Case ID: f-appx_103/html/0643-01.html
Source: Caselaw Access Project
Author: {"author": "", "license": "Public Domain", "url": "https://static.case.law/"}
Date Created: 2024-08-24T03:29:51.129683

Mark L. MITCHAM, Petitioner-Appellant, v. Terry L. STEWART, Respondent-Appellee.
    No. 03-15672.
    United States Court of Appeals, Ninth Circuit.
    Submitted July 14, 2004.
    
    Decided July 26, 2004.
    Mark L. Mitcham, Florence, AZ, pro se.
    Florence M. Bruemmer, Esq., Anders V. Rosenquist, Jr., Esq., Rosenquist & Associates, Phoenix, AZ, for Petitioner-Appellant.
    Katia Mehu, Office of the Attorney General, Phoenix, AZ, for Respondent-Appellee.
    Before: FERNANDEZ, PAEZ, and CLIFTON, Circuit Judges.
    
      
       The panel unanimously finds this case suitable for decision without oral argument. Fed. R.App. P. 34(a)(2).
    
   MEMORANDUM

Mark L. Mitcham, an Arizona state prisoner, appeals the district court’s denial of his habeas corpus petition, which challenges his conviction and sentence for child molestation and sexual conduct with a minor. See 28 U.S.C. § 2254. We affirm.

Mitcham contends that his rights under the Fourteenth Amendment to the United States Constitution were violated because a witness’ testimony amounted to prosecutorial misconduct that denied him due process. See Darden v. Wainwright, 477 U.S. 168, 181, 106 S.Ct. 2464, 2471, 91 L.Ed.2d 144 (1986); Donnelly v. DeChristoforo, 416 U.S. 637, 642-43, 94 S.Ct. 1868, 1871, 40 L.Ed.2d 431 (1974); Drayden v. White, 232 F.3d 704, 713 (9th Cir.2000).

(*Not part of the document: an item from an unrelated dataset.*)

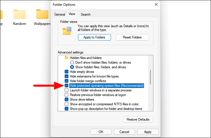 - In the same View tab of the Folder Options, scroll down to find Hide protected operating system files (Recommended).
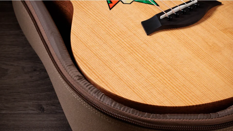 Taylor's ongoing partnership with acclaimed musician and producer Jacob Collier has produced one of the most unique instrument configurations on the market: the five-string acoustic featuring Jacob's preferred DAEAD tuning, which opens up a world of musical possibilities for adventurous players. This GS Mini boasts a custom art design created in collaboration with the singer-songwriter and multi-instrumentalist, a splash of vibrant color that visually complements the guitar's singular voice. A solid torrefied spruce top yields a punchy response with rich projection and a touch of aged-in sweetness and depth, while the compact GS Mini body delivers exceptional playing comfort and portability. It ships with a structured gig bag for storage and easy portability.

However, Mitcham procedurally defaulted on that claim because he never exhausted his due process argument before the Arizona Court of Appeals, as he was required to do. See 28 U.S.C. § 2254(b)(1); Baldwin v. Reese, — U.S.-,-, 124 S.Ct. 1347, 1349, 158 L.Ed.2d 64 (2004); Swoopes v. Sublett, 196 F.3d 1008, 1010 (9th Cir.1999). While Mitcham did present the state court with the facts underlying his federal due process claim, his filings before that tribunal failed to indicate that he was seeking relief under the specific federal constitutional guarantee he now asserts before us. That is fatal. We are unable to consider his claim. See Baldwin, — U.S. at-, 124 S.Ct. at 1351; Castillo v. McFadden, 370 F.3d 882, 886-87 (9th Cir.2004); Kelly v. Small, 315 F.3d 1063, 1066 (9th Cir.2003); Hiivala v. Wood, 195 F.3d 1098, 1106 (9th Cir.1999).

AFFIRMED. 
      
       This disposition is not appropriate for publication and may not be cited to or by the courts of this circuit except as provided by Ninth Circuit Rule 36-3.